Z ogromną ulgą przyjęłam życzliwe powitanie ze strony Khalila:

- Nie ma słów, którymi mógłbym wyrazić radość z tego spotkania. – skłonił lekko głowę i uprzejmym gestem zaprosił mnie do swojego gabinetu.

- Dzień dobry.- uśmiechnęłam się nieśmiało i dodałam – Patrzysz na mnie tak, jakbyś naprawdę cieszył się z tego spotkania.

- Bo cieszę.

- Wcześniej odniosłam wrażenie, że nie pałasz do mnie zbytnią sympatią.

- Bywa, że musimy ukrywać swoje prawdziwe uczucia. – wskazał dłonią fotel, abym usiadła i dodał: - Napijesz się czegoś? Kawy? Wody? A może od razu podam szampana?

Zachowanie Khalila zaczęło wprawiać mnie w zakłopotanie, dlatego poprosiłam, abyśmy przeszli do rzeczy. Nie chciałam pozostawać tam dłużej niż to konieczne.

- Przepraszam. – powiedział lekko zmieszany. – Oczywiście, przecież nie przyszłaś tu dla mnie – a tu już wyraźnie usłyszałam smutkiem w głosie.

- Decyzja o wizycie tutaj nie była łatwa. Proszę, nie utrudniaj.
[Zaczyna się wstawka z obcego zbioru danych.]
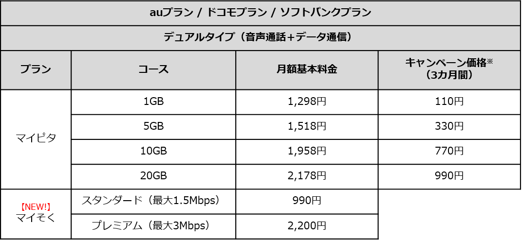 ※:料金は、auプラン・ドコモプラン・ソフトバンクプラン、また、デュアルタイプ(音声通話+データ通信)・シングルタイプ(データ通信のみ)を問わず共通です。

- Dobrze. W takim razie przejdźmy do konkretów. Przy rozwodzie, abyś w ogóle mogła go uzyskać, musiałaś zrzec się prawa do majątku rodzinnego, jak i spadku po Aziz'ie. Mój brat jednak postanowił cię zabezpieczyć. Środki pozyskał z pracy własnej, więc rodzina nie może podważyć tej decyzji.

- Ale ja nie potrzebuję waszych pieniędzy.

- Poczekaj. Daj mi skończyć. Przed tobą są cztery koperty. Chciałbym, abyś zapoznała się z ich zawartością i dopiero wtedy podjęła decyzję.

- Z pewnością ty wiesz, co zawierają. Możesz mi pokrótce nakreślić, abyśmy nie przedłużali. – już zaczęłam się denerwować.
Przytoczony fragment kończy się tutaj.